Objective 2. Model scenarios. When the HSPF model is developed and calibrated, a select number of management scenarios will be simulated. Basin communities and non-governmental stakeholder organizations will be asked to participate the selection process. A Technical Advisory Committee will be established to provide USGS with input concerning potential model scenarios. The effects of the following stressors on basin water resources could be assessed:

• changes in land-use/land-cover (for example, "build-out" to the limit of current zoning).
• changes in the location, rate, and timing of ground- and surface-water withdrawals.
• changes in the location, rate, and timing of wastewater discharge.
• changes in the transfer of water or wastewater into or out of the basin.
• water conservation practices.
• stormwater management practices.
• reservoir management practices.
• potential drought scenarios.

The effects of these scenarios on streamflow will be evaluated from long-term (1960 to recent) simulation results, by analyzing changes in the duration and frequency of high and low streamflows at selected points in the basin (see, for example, Zarriello and Ries, 2000). The effects of selected scenarios on reservoir storage and the flooding duration (hydroperiod) in major wetland reaches, including portions of the Great Meadows National Wildlife Refuge, could also be assessed.
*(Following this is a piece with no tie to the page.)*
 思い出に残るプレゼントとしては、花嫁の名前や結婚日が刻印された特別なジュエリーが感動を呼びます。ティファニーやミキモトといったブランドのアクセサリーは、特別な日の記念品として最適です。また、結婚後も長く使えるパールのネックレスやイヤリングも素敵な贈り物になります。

The study results will be published in a USGS Water-Resources Investigations Report. A Fact Sheet will also be published to summarize results for the general public. The models generated by the project will be made available in electronic form to the funding agencies, the basin communities, and the interested public.
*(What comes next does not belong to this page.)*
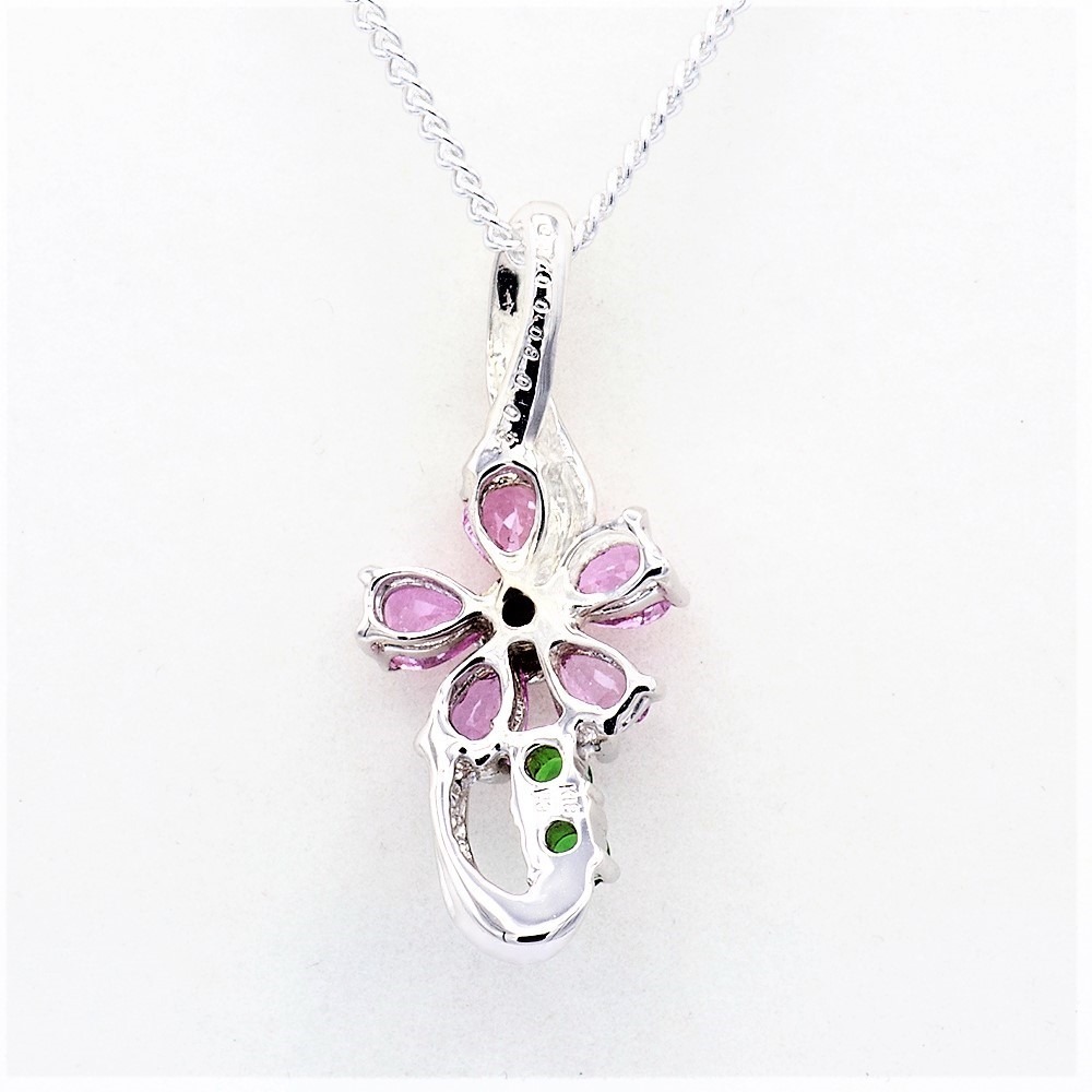 次へ ピンクサファイヤ 桜モチーフ ペンダント 0.70ct Pt900 (13523) ペンダント ネックレス ピンクサファイヤ サファイヤ プラチナ グリーンガーネット ダイヤモンド ジュエリー アクセサリー 山梨県 甲斐市 BR-88

The proposed study is directly relevant to the needs of the cooperating agencies and the mission of the USGS. It will have the following benefits:

• The study will advance basic understanding of how regional hydrologic systems in New England respond to rapid land-use and water-use change (suburban sprawl).
• The study will advance a key science priority of both the USGS Director and the Eastern Region Director: availability of water for human and ecological needs.
• The study will extend the capabilities of the HSPF watershed model by creating a special action to address dam operations for multiple reservoirs.
• The study will provide useful information and simulation tools to non-governmental organizations and government agencies at the local, regional, State, and Federal levels--each of whom are responsible for different aspects of the basin's water resources and have potentially conflicting interests.
• Data collected by the study will be incorporated into national data bases, and modeling results of the study will have transfer value to other rapidly developing regions of the Nation attempting to balance multiple demands upon water resources.